La plupart des propos qui ont été tenus sont entièrement fondés ; j’y souscris totalement.
Je voudrais opérer un petit retour en arrière, monsieur le ministre. Lors de l’examen du projet de loi relatif à la formation professionnelle, à l’emploi et à la démocratie sociale, notre groupe – j’étais l’un de ses chefs de file sur le texte – avait procédé à de nombreuses auditions et entendu toutes les organisations patronales représentatives. Le sujet n’était pas facile puisqu’il s’agissait de modifier les critères de représentativité en tenant compte notamment des doubles appartenances, qui constituent l’un des aspects du problème. Certaines entreprises adhèrent en effet à plusieurs organisations. Nous étions parvenus, sinon à un bon accord, du moins à un équilibre à peu près stable qui, sans satisfaire tout le monde, n’avait pas déclenché de déclaration de guerre. À telle enseigne que, face à la grogne de certaines organisations, notre groupe avait présenté un amendement, que j’avais défendu, visant à instaurer un délai supplémentaire de réflexion pour que les partenaires sociaux se mettent autour de la table et essaient d’avancer sur ces critères de représentativité.
Là, tout à coup, vous sortez du chapeau une disposition absente du texte d’origine qui va, je le crains, déclencher la foudre dans le milieu des organisations patronales représentatives et raviver la guerre que nous avions, avec un peu de doigté, réussi à éteindre. Pourquoi décidez-vous de déposer cet amendement au Sénat ? Pourquoi n’aviez-vous pas inclus cette disposition dans le projet de loi initial ? Quel est le motif de cette précipitation ? Pourquoi n’existe-t-il pas d’étude d’impact ? Pourquoi aucune concertation n’a-t-elle été conduite avec l’ensemble des organisations patronales ? Pourquoi n’avez-vous pas fait réaliser d’analyse des conséquences financières de cette mesure sur les entreprises ?

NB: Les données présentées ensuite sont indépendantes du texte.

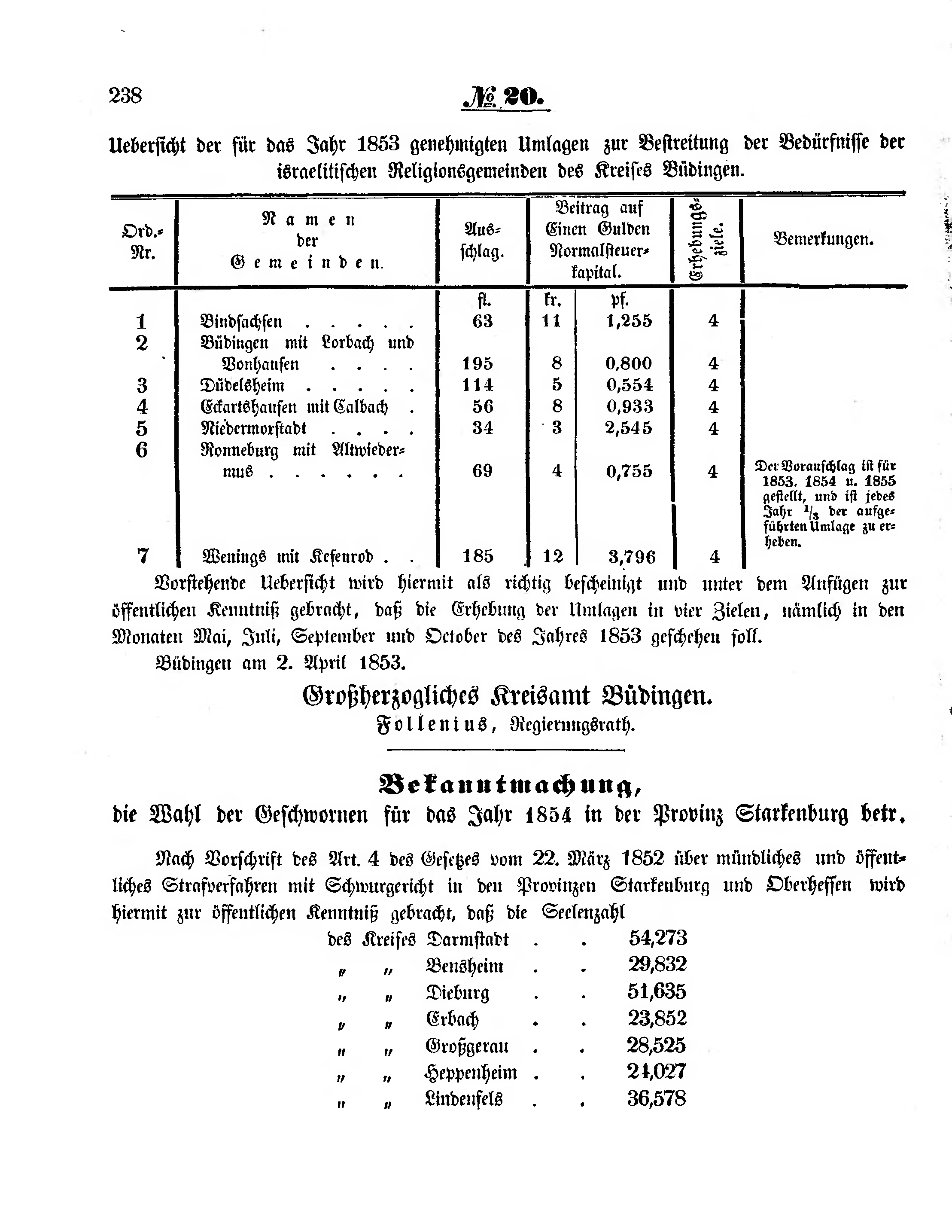 Uebersicht der für das Jahr 1853 genehmigten Umlagen zur Bestreitung der Bedürfnisse der israelitischen Religionsgemeinden des Kreises Büdingen.
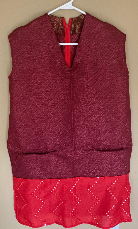 Embrace modern elegance intertwined with traditional Gujarati flair with The Dia Cape Romper. This sleeveless, cape sleeve romper features an invisible zipper closure for a seamless fit, crafted from luxurious Pink abhla mirror embroidered fabric, enriched with maroon brocade, and adorned with exquisite pink silk embellishments. Perfect for the fashion-forward woman who honors tradition, this piece stands as a symbol of sophistication and heritage. Elevate your wardrobe with a statement of vibrant elegance and unique craftsmanship.
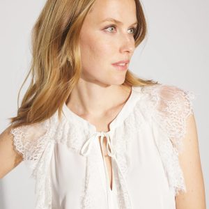 Feminine lace trims the flutter sleeves and the center front of this crepe fabric shell. The Y-neck has a tie-string which you can style as you choose. Wear under a blazer or on its own.

J’ai écouté attentivement les propos que vous avez tenus pour défendre votre amendement. Vous avez dit qu’il est tout à fait logique qu’une entreprise de plusieurs milliers de salariés soit plus représentative qu’une entreprise comptant un ou deux salariés. Pour aller dans le sens de l’intervention de notre collègue Kern, je vous invite à faire le total du nombre d’emplois que représentent toutes ces petites entreprises. Une TPE ne compte certes que quelques salariés, mais multipliez ce chiffre par le nombre d’entreprises qui constituent ce tissu économique qui draine toute la France et vous obtiendrez des représentations autrement plus significatives que celles des grandes entreprises.
Je ne veux pas entrer dans le jeu de nos collègues du groupe CRC, mais comparez également la situation d’une grande entreprise qui n’hésite pas à « dégraisser », comme on dit vulgairement, en licenciant 100 à 150 salariés, à celle d’une TPE qui doit se séparer d’un ou de deux salariés parce que les carnets de commandes sont vides et pour qui c’est un drame !
La vitalité de ces TPE et l’apport économique qu’elles représentent pour notre pays font que, s’agissant de leur représentativité, elles mériteraient davantage de considération qu’un simple amendement sorti au débotté à l’occasion d’une discussion sur le dialogue social.